However, with another data allocation, not only the cost can be reduced but also the number of writes on NVM can be reduced. Instead of the data allocation generated by Udayakumaran's algorithm, if the following data allocation, A, B, C in SRAM, E, F in NVM, D in main memory, is used, the cost of this program region is reduced to 639. And there are only 3 writes on the NVM. Compared with Udayakumaran's algorithm, the cost is reduced by 18.77% and the number of writes on NVM is reduced by 72.73%.

The second data allocation actually is the optimal data allocation which incurs the minimal cost for this region. The ODA algorithm presented in the next section can generate the optimal data allocation. The main reason ODA can reduce the cost is that it differentiates between reads and writes. It then moves the data read the most times into the NVM and moves the data written the most times into the SRAM. In this way, we can take advantage of the NVM while avoiding write activities on the NVM, which reduces the cost and extends the lifetime of the NVM. The details of ODA will be presented in Section V.

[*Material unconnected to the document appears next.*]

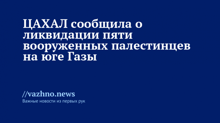 ЦАХАЛ: на юге Газы ликвидированы пять вооружённых палестинцев
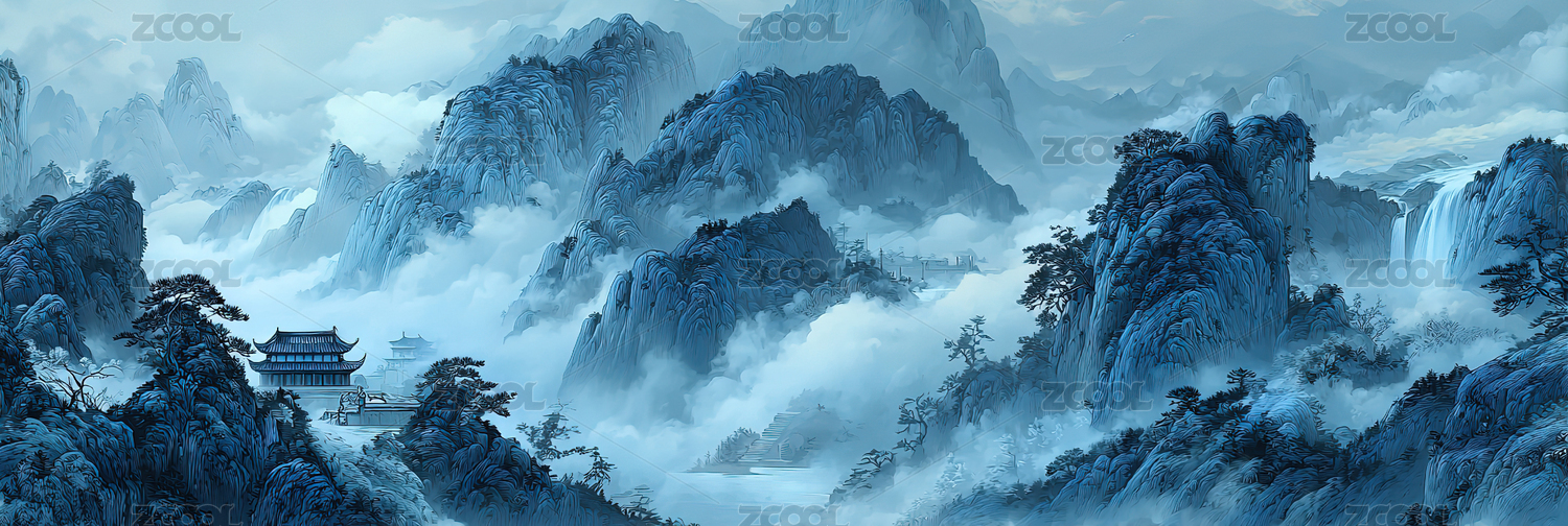 仙境,宁静,艺术,水彩,3D,奇幻,背景,壁纸,山水画,古典

## V. DYNAMIC DATA MANAGEMENT FOR HYBRID SPM

In this section, we present the details of the proposed algorithms which generate the data allocation for each program region. First, the problem is formally defined. Then we will illustrate the proposed algorithm with an example. Finally, we present the theorems about the optimality of the ODA algorithm.

#### A. Problem Definition

Definition 5.1: Given the initial data allocation in the onchip SPM, size of SRAM, size of NVM, number of accesses to each data in a region (obtained using profiling), the values of RS, RN, RM, WS, WN, WM,  $S \rightarrow N$ ,  $N \rightarrow S$ ,  $S \rightarrow M$ ,  $M \rightarrow S$ ,  $N \rightarrow M$ , and  $M \rightarrow N$ , what is the optimal data allocation under which the total cost of the execution of this region is minimized? The inputs are: initial data allocation in the on-chip SPM, size of SRAM  $Size_s$ , size of NVM  $Size_n$ , access sequence in this region, RS, RN, RM, WS, WN, WM,  $S \rightarrow N$ ,  $N \rightarrow S$ ,  $S \rightarrow M$ ,  $M \rightarrow S$ ,  $N \rightarrow M$ ,  $M \rightarrow N$ .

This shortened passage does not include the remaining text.